Department of Industry and Commerce

Department overview
- Formed: 22 December 1975
- Preceding Department: Department of Tourism and Recreation – for tourism Department of Transport (III) – for shipbuilding Department of Manufacturing Industry;
- Dissolved: 7 May 1982
- Superseding Department: Department of Defence Support Department of Industry and Commerce (II);
- Jurisdiction: Commonwealth of Australia
- Headquarters: Barton, Canberra
- Ministers responsible: Bob Cotton, Minister (1975–1977); Phillip Lynch, Minister (1977–1982);
- Department executive: Neil Currie, Secretary;

= Department of Industry and Commerce (1975–1982) =

Australian government department, 1975–1982

The Department of Industry and Commerce was an Australian government department that existed between December 1975 and May 1982.

==Scope==
Information about the department's functions and government funding allocation could be found in the Administrative Arrangements Orders, the annual Portfolio Budget Statements and in the Department's annual reports.
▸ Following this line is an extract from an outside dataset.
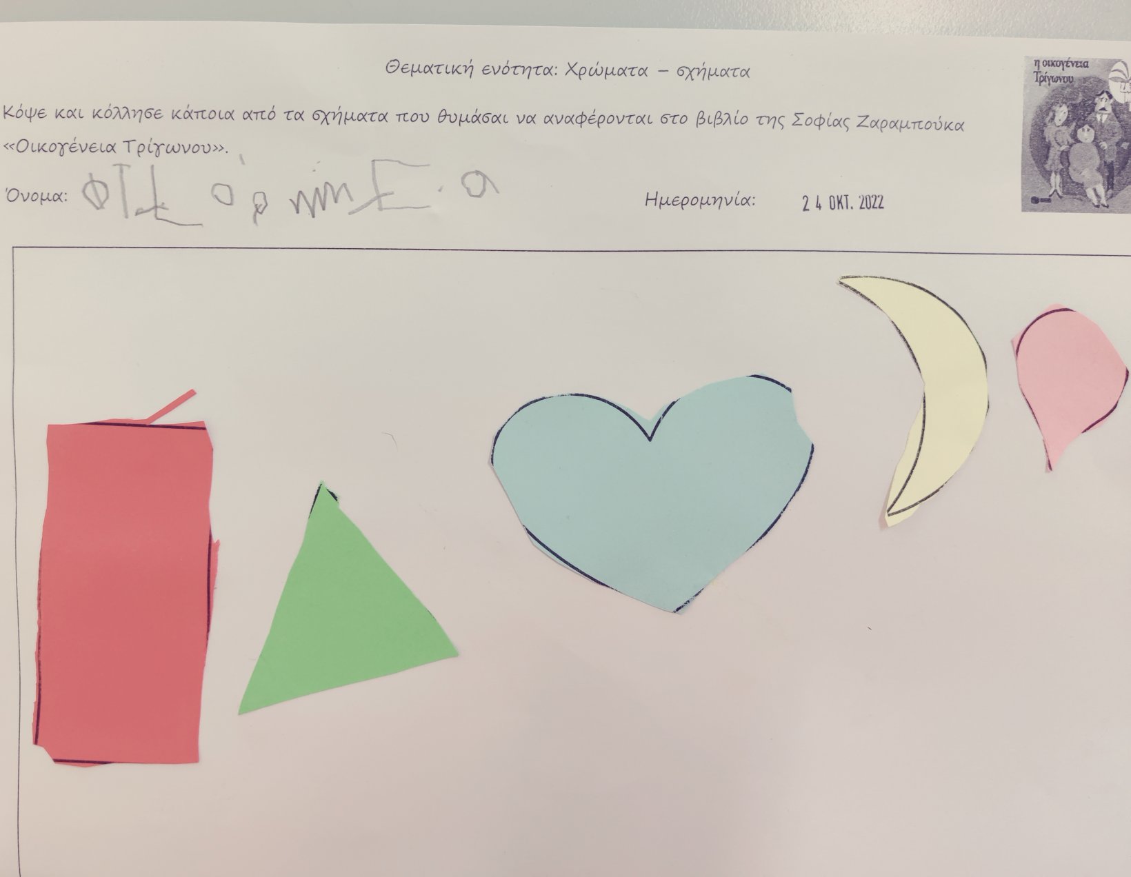 Με αφορμή αυτή τη δραστηριότητα, διαβάσαμε το βιβλίο της Σοφίας Ζαραμπούκα “Οικογένεια Τρίγωνου”.Κόψαμεκαι κολλήσαμεκάποια από τα σχήματαπου αναφέροντανστην ιστορία που διαβάσαμε.

At its creation, the Department dealt with:
- The efficiency and development of manufacturing and tertiary industries and research relating thereto
- Adjustment assistance to industry
- Assistance to small business
- Manufacture of goods and provision of services
- Shipbuilding

==Structure==
The Department was an Australian Public Service department, staffed by officials who were responsible to the Minister for Industry and Commerce.